You pulled the roast at exactly the right temperature, rested it like you're supposed to, carved it, and it's more done than you wanted. What happened? Carryover cooking happened, and once you understand it, you'll never overshoot again.
What Carryover Cooking Is
When meat cooks, the outer layers get much hotter than the centre. The moment you take it off the heat, that stored heat doesn't just vanish. It keeps moving inward, from the hot exterior toward the cooler core, until the temperatures even out. So the internal temperature at the centre keeps rising for a while after the meat has left the oven or pan.
That rise is carryover cooking. Depending on the size of the cut and how hot you cooked it, the centre can climb by a few degrees on a thin steak, or quite a bit more on a large roast.
Why Size and Heat Matter
- Bigger cuts carry over more. A large roast stores a lot of heat in its mass, so it keeps driving inward longer and the centre climbs further. A thin steak has little stored heat and barely moves.

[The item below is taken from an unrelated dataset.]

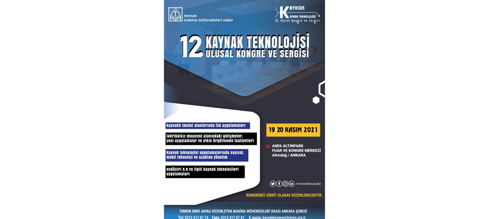 TMMOB Makina Mühendisleri Odası (MMO) Ankara Şube tarafından, 19-20 Kasım 2021 tarihleri arasında gerçekleştirilecek olan Kaynak Teknolojisi 12. Ulusal Kongre ve Sergisi’nin hazırlıkları tamamlanmak üzere…

- Hotter cooking carries over more. A roast blasted at high heat has a steeper temperature gradient from edge to centre, so there's more heat waiting to move inward than one cooked low and slow.
Rough Guide to the Pull
These are general starting points; your own oven, cut and thermometer will refine them:
| Cut | Pull before target by roughly |
|---|---|
| Thin steak / chop | A degree or two |
| Thick steak | A few degrees |
| Roast cooked low & slow | A few degrees |
| Roast cooked hot | More — watch it closely |
The best way to learn your own numbers is to leave a probe in during the rest and watch how far the temperature climbs. After a couple of cooks you'll know your kitchen's behaviour.
The Bottom Line
Meat keeps cooking after it leaves the heat. Pull it early in proportion to its size and how hot you cooked it, rest it, and let physics finish the job. Master this and "overcooked by accident" disappears from your vocabulary.